Vox: Scientific Experiments Uncover Fish Rights

June 10th, 2016 11:30 AM

Most vegans are bigots. At least, that’s the implication of the latest “scientific” discoveries reported by Vox. According to Vox, fish have decent proficiency at human face recognition. That doesn’t just make fish one step ahead of iPhoto. Although it may be a tough hook to swallow even for current ethical vegetarians, Vox concludes, fish probably have rights too.

Last week, our nation’s enlightened media covered the death of a gorilla six times more than it covered the ISIS beheading of Christians and fifty-four times more than the shooting of 69 humans in Chicago. When Cecil the lion died last year, it wasn’t much different. Animal rights are all the rage. With this new trend and a potentially politically correct Pixar flick on anthropomorphized fish just out, no one should be surprised that fish are the next to claim rights.
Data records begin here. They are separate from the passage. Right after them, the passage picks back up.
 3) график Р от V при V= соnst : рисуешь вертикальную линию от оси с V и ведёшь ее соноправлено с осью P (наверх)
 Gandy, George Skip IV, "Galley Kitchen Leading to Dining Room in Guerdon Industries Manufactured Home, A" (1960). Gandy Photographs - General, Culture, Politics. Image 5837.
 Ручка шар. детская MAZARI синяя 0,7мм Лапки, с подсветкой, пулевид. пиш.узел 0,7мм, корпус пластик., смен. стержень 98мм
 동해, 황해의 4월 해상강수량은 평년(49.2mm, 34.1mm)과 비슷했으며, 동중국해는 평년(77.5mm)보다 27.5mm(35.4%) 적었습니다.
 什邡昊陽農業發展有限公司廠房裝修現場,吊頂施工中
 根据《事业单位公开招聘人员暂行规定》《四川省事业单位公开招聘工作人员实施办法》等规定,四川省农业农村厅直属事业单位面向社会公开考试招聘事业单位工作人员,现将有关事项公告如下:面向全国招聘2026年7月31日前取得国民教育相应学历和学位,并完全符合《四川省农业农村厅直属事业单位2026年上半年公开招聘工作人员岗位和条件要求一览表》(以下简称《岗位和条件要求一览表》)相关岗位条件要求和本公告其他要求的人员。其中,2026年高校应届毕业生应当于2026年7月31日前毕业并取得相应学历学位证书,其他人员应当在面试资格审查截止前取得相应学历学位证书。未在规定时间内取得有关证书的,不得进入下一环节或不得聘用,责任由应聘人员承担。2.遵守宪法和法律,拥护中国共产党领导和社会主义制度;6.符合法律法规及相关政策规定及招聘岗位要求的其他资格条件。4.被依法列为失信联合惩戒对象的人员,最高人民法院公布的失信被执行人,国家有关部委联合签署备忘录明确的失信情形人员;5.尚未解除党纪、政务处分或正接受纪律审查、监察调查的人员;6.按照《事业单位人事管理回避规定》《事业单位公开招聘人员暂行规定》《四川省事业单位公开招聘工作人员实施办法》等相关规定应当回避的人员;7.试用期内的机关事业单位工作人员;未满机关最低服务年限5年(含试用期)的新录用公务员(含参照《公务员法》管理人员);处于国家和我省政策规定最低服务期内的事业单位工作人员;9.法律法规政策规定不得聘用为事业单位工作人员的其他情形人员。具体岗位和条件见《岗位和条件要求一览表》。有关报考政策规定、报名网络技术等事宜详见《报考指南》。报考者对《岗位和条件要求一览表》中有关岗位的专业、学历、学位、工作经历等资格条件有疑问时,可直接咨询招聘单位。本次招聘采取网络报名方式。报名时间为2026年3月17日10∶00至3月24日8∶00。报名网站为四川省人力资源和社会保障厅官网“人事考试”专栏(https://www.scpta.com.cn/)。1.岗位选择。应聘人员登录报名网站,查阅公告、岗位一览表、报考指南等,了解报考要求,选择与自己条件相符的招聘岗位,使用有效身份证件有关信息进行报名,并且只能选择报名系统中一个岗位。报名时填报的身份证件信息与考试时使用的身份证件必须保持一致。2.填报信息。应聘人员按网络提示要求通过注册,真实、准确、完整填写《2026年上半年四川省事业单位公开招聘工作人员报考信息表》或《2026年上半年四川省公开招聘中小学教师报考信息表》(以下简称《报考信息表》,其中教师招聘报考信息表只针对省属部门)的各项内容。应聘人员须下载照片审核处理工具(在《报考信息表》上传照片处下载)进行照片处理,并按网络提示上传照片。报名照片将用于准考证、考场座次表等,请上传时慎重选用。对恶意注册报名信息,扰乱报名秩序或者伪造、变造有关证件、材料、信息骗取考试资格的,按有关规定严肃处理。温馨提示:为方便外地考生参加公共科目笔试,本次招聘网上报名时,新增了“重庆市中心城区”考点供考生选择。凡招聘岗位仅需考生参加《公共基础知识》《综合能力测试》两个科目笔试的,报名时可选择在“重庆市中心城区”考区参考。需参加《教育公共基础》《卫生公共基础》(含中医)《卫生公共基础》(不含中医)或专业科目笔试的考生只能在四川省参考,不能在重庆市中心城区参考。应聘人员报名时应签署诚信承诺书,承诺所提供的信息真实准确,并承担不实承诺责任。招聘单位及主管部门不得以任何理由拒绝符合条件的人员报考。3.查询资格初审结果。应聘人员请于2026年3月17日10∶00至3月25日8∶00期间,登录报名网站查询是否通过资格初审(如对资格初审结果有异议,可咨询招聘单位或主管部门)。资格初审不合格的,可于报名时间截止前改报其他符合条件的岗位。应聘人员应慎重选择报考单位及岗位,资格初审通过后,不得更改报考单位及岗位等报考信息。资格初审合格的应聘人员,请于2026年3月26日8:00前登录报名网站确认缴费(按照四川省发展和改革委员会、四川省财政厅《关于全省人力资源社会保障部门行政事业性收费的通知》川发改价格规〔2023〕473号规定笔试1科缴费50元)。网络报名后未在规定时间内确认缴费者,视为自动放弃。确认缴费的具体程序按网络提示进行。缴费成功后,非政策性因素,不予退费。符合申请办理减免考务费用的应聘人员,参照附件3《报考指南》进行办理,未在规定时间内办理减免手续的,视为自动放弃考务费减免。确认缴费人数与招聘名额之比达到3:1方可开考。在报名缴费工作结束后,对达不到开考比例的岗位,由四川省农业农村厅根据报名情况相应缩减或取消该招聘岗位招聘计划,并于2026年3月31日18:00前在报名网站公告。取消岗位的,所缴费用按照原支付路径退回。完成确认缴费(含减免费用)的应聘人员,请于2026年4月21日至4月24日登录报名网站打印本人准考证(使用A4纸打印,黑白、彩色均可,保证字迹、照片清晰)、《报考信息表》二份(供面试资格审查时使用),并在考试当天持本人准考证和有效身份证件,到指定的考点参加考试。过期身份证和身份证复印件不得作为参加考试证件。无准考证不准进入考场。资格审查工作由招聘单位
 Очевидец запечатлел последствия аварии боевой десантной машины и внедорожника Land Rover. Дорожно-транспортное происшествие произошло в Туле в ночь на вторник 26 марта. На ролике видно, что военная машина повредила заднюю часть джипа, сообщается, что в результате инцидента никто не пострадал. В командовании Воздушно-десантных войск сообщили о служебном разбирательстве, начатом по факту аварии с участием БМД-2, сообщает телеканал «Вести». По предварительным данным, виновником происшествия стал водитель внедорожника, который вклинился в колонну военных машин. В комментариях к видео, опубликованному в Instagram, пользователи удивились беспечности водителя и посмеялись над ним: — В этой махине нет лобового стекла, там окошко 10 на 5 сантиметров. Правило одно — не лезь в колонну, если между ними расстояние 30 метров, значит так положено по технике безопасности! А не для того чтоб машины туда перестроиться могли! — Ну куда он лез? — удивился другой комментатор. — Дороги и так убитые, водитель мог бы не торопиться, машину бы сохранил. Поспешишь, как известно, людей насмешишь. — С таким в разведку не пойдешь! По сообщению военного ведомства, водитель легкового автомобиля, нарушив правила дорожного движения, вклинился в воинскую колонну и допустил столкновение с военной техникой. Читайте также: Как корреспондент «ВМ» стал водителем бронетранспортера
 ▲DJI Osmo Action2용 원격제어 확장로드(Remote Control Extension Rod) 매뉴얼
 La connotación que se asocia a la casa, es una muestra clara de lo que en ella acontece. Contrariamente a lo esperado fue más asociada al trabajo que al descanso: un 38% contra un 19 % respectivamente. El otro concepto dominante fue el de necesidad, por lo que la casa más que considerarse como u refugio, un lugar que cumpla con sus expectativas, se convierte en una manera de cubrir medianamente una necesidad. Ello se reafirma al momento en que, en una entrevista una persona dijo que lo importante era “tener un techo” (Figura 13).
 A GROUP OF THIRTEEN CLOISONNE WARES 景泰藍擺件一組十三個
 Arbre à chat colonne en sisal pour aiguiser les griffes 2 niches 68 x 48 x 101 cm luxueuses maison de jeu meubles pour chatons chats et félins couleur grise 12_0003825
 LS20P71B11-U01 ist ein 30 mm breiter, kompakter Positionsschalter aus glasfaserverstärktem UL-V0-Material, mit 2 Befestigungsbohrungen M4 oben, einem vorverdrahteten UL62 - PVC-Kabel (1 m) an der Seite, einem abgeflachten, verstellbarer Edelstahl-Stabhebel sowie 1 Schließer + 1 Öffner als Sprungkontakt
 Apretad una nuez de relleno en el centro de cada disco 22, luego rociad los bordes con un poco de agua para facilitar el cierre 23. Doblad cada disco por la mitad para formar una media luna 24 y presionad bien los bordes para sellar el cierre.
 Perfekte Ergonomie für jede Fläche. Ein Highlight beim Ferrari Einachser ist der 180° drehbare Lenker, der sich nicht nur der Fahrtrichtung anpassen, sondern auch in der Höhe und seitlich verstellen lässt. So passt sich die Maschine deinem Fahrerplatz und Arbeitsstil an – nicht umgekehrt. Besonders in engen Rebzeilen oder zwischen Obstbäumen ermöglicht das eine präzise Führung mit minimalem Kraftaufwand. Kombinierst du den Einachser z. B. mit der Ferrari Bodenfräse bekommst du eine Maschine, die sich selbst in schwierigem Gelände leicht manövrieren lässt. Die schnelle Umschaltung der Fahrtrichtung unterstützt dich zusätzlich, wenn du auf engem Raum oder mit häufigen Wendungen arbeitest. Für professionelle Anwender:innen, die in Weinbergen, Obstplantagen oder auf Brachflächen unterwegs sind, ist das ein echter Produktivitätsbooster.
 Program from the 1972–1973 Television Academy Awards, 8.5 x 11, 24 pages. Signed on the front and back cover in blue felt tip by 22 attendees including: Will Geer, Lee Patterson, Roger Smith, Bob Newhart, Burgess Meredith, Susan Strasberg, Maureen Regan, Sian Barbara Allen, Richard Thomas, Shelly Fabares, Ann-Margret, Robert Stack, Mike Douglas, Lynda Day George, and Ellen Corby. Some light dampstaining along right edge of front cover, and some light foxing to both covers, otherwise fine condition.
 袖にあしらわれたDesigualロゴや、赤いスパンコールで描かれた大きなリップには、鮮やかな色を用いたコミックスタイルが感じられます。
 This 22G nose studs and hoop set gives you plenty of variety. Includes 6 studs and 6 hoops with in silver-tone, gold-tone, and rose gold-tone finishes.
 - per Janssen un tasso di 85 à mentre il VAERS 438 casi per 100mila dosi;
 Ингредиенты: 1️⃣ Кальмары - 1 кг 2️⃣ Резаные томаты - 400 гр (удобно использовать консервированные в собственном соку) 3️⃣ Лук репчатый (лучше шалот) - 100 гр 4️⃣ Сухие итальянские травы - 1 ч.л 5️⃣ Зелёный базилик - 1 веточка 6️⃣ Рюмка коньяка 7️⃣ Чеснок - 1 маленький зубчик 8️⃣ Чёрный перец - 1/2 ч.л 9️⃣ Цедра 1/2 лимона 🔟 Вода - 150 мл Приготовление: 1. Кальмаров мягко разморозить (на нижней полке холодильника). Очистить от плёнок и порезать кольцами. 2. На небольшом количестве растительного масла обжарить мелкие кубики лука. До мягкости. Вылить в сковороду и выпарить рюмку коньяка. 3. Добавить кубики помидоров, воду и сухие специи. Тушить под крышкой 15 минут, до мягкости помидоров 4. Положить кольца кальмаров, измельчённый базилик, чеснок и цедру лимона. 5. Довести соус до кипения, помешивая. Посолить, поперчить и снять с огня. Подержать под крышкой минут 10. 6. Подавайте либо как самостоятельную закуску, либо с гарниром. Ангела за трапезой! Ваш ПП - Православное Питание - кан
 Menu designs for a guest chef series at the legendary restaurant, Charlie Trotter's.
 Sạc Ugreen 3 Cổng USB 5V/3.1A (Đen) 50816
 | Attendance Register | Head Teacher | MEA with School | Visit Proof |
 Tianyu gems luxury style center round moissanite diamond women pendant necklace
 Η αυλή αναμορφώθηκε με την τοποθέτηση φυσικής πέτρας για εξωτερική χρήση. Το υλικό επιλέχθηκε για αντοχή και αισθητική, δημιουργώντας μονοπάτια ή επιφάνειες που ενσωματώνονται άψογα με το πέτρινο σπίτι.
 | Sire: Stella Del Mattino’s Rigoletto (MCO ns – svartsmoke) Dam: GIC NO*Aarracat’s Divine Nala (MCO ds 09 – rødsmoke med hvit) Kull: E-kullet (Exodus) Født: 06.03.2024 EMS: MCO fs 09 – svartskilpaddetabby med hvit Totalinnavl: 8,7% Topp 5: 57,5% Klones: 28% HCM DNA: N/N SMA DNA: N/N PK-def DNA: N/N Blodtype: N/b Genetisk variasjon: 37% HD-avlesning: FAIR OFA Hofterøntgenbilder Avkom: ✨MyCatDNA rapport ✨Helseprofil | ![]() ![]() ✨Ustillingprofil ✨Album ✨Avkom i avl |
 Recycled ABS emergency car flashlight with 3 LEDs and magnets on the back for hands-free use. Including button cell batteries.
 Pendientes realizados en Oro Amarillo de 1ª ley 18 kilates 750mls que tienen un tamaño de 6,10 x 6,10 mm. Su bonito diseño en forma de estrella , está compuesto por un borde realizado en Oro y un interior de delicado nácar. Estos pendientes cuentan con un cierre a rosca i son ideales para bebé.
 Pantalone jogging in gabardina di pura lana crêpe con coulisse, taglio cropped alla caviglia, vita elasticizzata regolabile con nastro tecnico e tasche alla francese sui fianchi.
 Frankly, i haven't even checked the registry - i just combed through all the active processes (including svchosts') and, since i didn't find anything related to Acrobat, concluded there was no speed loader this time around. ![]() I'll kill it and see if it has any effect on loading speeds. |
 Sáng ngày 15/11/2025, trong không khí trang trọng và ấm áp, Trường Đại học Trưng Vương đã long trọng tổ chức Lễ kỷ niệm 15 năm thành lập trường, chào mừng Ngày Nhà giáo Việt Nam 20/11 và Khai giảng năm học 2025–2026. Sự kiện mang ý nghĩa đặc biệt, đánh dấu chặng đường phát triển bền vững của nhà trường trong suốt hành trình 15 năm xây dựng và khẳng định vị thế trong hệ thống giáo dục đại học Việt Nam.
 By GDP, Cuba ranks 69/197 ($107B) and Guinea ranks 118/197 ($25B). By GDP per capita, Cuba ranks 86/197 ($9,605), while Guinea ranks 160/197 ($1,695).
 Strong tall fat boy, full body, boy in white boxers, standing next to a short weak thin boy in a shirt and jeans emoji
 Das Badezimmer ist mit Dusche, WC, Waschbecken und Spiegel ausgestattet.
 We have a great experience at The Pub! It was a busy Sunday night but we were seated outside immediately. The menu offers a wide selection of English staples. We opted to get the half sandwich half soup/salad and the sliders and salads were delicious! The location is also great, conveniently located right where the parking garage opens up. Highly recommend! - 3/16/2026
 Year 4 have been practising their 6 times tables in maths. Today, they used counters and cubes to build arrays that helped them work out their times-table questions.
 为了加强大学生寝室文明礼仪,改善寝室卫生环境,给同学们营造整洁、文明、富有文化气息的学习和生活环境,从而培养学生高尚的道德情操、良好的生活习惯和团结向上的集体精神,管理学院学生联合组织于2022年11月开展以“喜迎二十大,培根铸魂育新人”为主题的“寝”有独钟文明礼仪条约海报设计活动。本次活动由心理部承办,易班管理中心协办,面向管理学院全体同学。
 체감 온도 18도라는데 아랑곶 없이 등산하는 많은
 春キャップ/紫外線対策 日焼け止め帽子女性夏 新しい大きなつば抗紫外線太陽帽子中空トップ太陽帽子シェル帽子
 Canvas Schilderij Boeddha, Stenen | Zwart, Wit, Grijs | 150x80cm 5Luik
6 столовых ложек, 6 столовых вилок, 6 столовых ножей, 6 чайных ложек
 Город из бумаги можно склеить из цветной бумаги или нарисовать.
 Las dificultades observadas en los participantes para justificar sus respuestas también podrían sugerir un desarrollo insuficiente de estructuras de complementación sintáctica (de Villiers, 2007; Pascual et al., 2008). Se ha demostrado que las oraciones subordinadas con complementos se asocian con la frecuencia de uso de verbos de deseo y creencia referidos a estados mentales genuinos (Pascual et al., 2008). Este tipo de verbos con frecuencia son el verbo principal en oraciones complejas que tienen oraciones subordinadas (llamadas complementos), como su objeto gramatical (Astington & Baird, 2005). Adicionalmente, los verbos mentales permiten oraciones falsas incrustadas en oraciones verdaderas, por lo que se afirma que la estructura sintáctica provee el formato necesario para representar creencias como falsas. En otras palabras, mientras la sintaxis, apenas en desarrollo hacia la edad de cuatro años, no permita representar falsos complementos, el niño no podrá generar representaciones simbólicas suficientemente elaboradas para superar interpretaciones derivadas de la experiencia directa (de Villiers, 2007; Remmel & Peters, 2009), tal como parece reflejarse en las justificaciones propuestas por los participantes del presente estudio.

According to Vox’s Brad Plumer, “One of the most astounding things that humans can do is recognize faces.” The ability to reason, which allowed for the writing of Hamlet or construction of New York City, would seem more astounding than the face-recognition function dogs and even laptops possess, but Vox knows best.

As Plumer reports, recent scientific research has discovered that fish, like humans, can recognize faces with the accuracy of a B student (86%). If readers accepts Plumer’s starting point that face recognition is among the most astounding features of humans, then fish are at least close to as astounding as humans. Should they get rights too?

To answer the question, Plumer consulted the biologist Culum Brown. Brown reports that the astounding-ness of fish doesn’t stop with face recognition. Plumer summarizes, fish “can learn from each other. They can recognize other fish they've spent time with previously. They know their place within fish social hierarchies. They remember complex spatial maps of their surroundings.”

According to Brown, the question of fish rights ultimately comes down to whether fish can feel pain. (Plumer never questions this utilitarian assumption.) “But for some reason, a lot of people refuse to believe that fish can feel pain.” (Plumer never asks who these unnamed deniers are.) Whoever they are, according to Brown, they deny the cutting edge science of the last thirty years, which has discovered that fish do in fact feel pain. Aristotle would have been shocked.

Brown goes on to describe the brutal way in which fish are captured and killed by “massive commercial” fishing. If animal rights groups will advocate for other sentient animals, then it seems they should advocate for the brutally mass-murdered fish as well. As Brown complains, “Nobody’s ever asked what does a fish want? What does a fish need? . . . I think, ultimately, the revolution will come. But it will be slow because the implications are huge.”

Vox’s Brad Plumer hasn’t renounced eating fish by the end of the article. “But,” he concludes, “it’s certainly a challenge to many of our usual notions of animal rights.”